We replaced a 45 yr old shower last week and as always we include a new trap. The homeowner is late 70's, very wealthy, and pretty demanding. After a couple showers she called early this morning stating the drain is too loud and effecting her shower experience. After checking with my lead the waste line drops about 13" before it converts to a trap. The old trap and piping were iron and of course the new one is abs. We tried insulating the line but very little help. Any of you have a remendy short of converting back to iron?


----------



## Oconomowoc (Oct 13, 2011)

go dart said:


> We replaced a 45 yr old shower last week and as always we include a new trap. The homeowner is late 70's, very wealthy, and pretty demanding. After a couple showers she called early this morning stating the drain is too loud and effecting her shower experience. After checking with my lead the waste line drops about 13" before it converts to a trap. The old trap and piping were iron and of course the new one is abs. We tried insulating the line but very little help. Any of you have a remendy short of converting back to iron?

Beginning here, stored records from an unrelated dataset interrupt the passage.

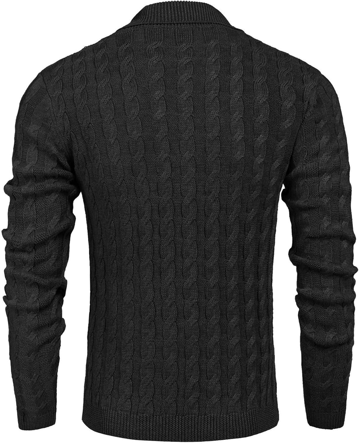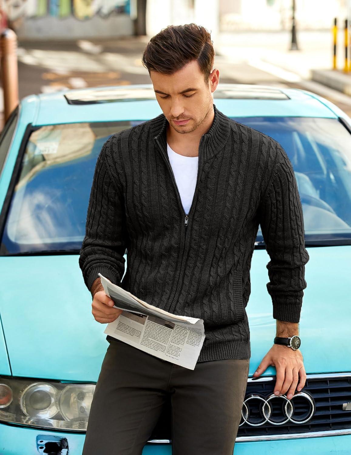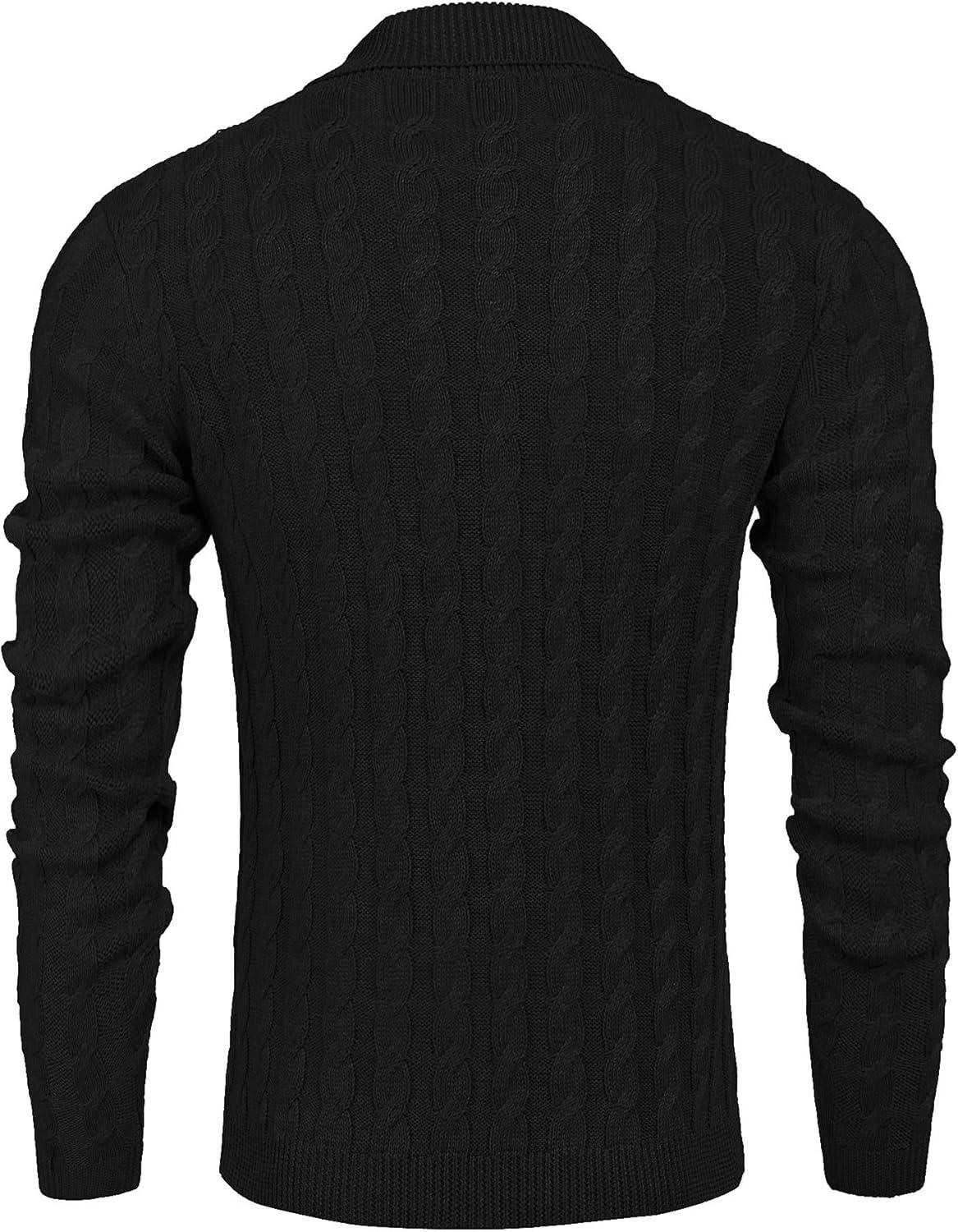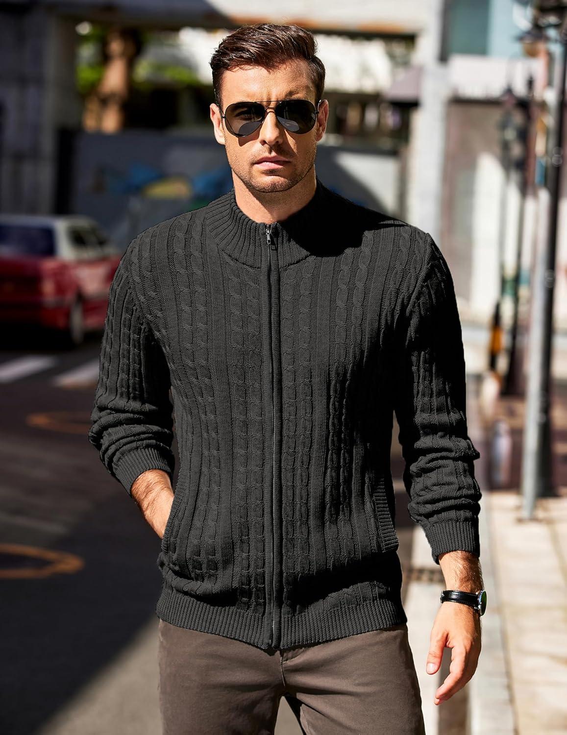 COOFANDY Men’s Full Zip Cardigan Sweater Slim Fit Cable Knitted Zip Up Sweater with Pockets(Black)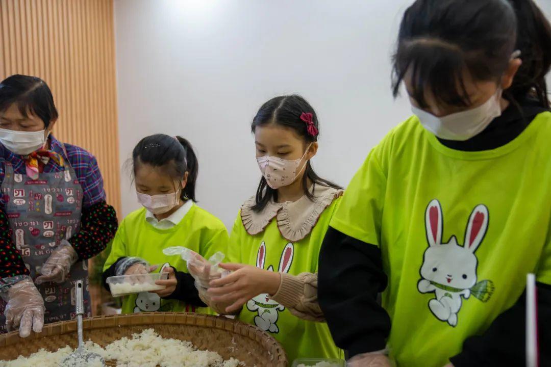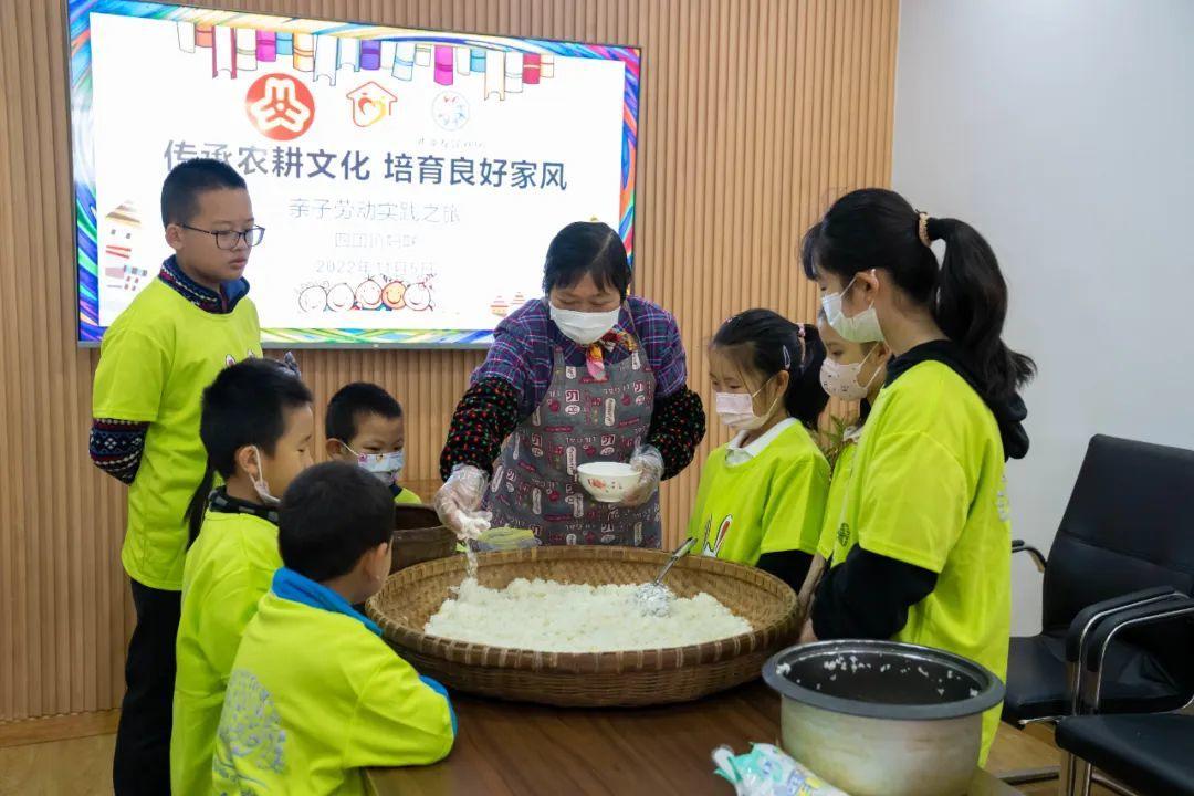 “那这个是什么呀?还要翻呀!做酒酿要好多材料!”离开田头,一场由大米变酒酿的“魔法秀”拉开了帷幕。大家好奇地围成一圈,孩子们此起彼伏的提问声和感叹声让现场好不热闹。看着奶奶娴熟地撒酒曲、翻米饭,孩子们也跃跃欲试,争当奶奶的小帮手,搅拌、装盒、留洞、加温水、盖棉被,忙得不亦乐乎。孩子们边忙活边想着,是从哪一步开始,这白白的米饭变甜甜的酒酿了,自己亲手制成的酒酿又会是什么滋味。随着孩子们满满的期待,农耕文化的体验活动也接近尾声。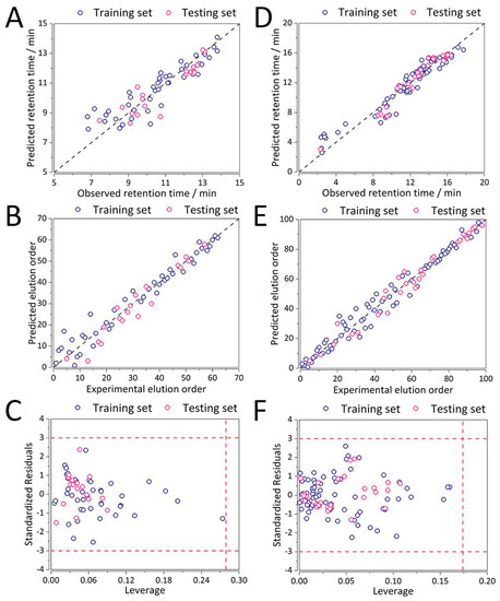 Performance of the MLR-NLP method for prediction of (A) retention time, (B) elution order, and (C) applicability domain for case study 1 (separation of organic molecules using Supelcosil LC, tG = 10 min, T = 35 °C), (D) prediction of retention time, (E) elution order, and (F) applicability domain for case study 2 (separation of synthetic peptides on Xterra, tG = 20 min, T = 40 °C). Abbreviations: tG—gradient retention time, T—temperature.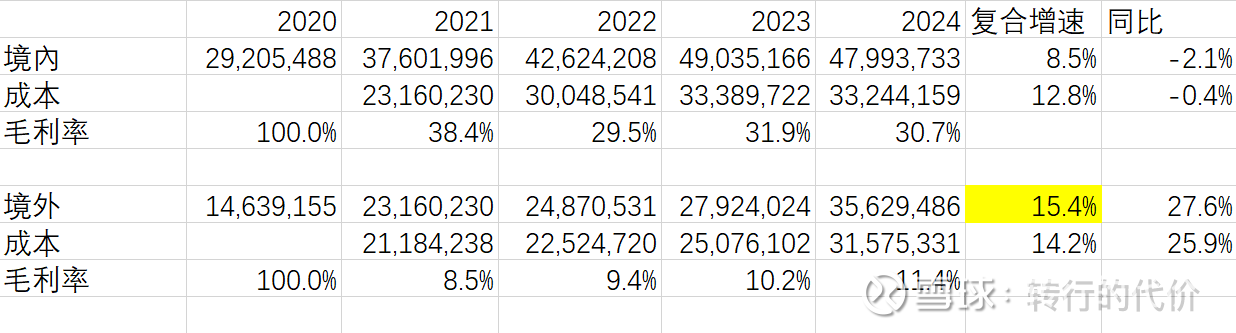 我国家电市场受城市化进程影响逐步放缓,出口是关键出路,海信这点做的很好,目前出口占比已经提升到45%,复合增速15%,快于国内的8%,形成两条腿走路,长期增长的持续性把握大了不少;槽点是国际业务通过海信国际代理,上市公司低毛利约12%卖给海信国际,同时市场费用由海信国际承担,关联交易导致上市公司少了不少利润。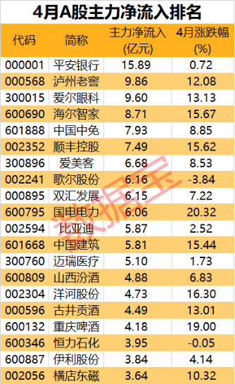 4月净流入超亿元的个股有120余只,平安银行净流入额最高,达到15亿元。主力回流白酒股态势明显,泸州老窖净流入额近10亿元;山西汾酒、洋河股份、古井贡酒在4亿元以上。除去山西汾酒,其余3股涨幅均在12%以上。

The vertical portion of the trap in Wisconsin code allows an offset of 45 degrees. With 13" you can move the trap about 5" away and use 2- 1/8 bends. The upper 1/8 bend will be real close to the drain outlet. That will eliminate the noise.

Mike


----------



## go dart (Dec 6, 2005)

Yea we simply put back what was there and the drain is close to a joist. Thanks for your reply. We'll try it tomorrow.


----------



## Oconomowoc (Oct 13, 2011)

go dart said:


> Yea we simply put back what was there and the drain is close to a joist. Thanks for your reply. We'll try it tomorrow.


Just remember that Wisconsin code can be different. Most states allow an offset so I'm sure you're fine. That should make it really quiet though. The max verticle distance in Wisconsin is 15" but like you said it can get loud.

Good luck

Mike


----------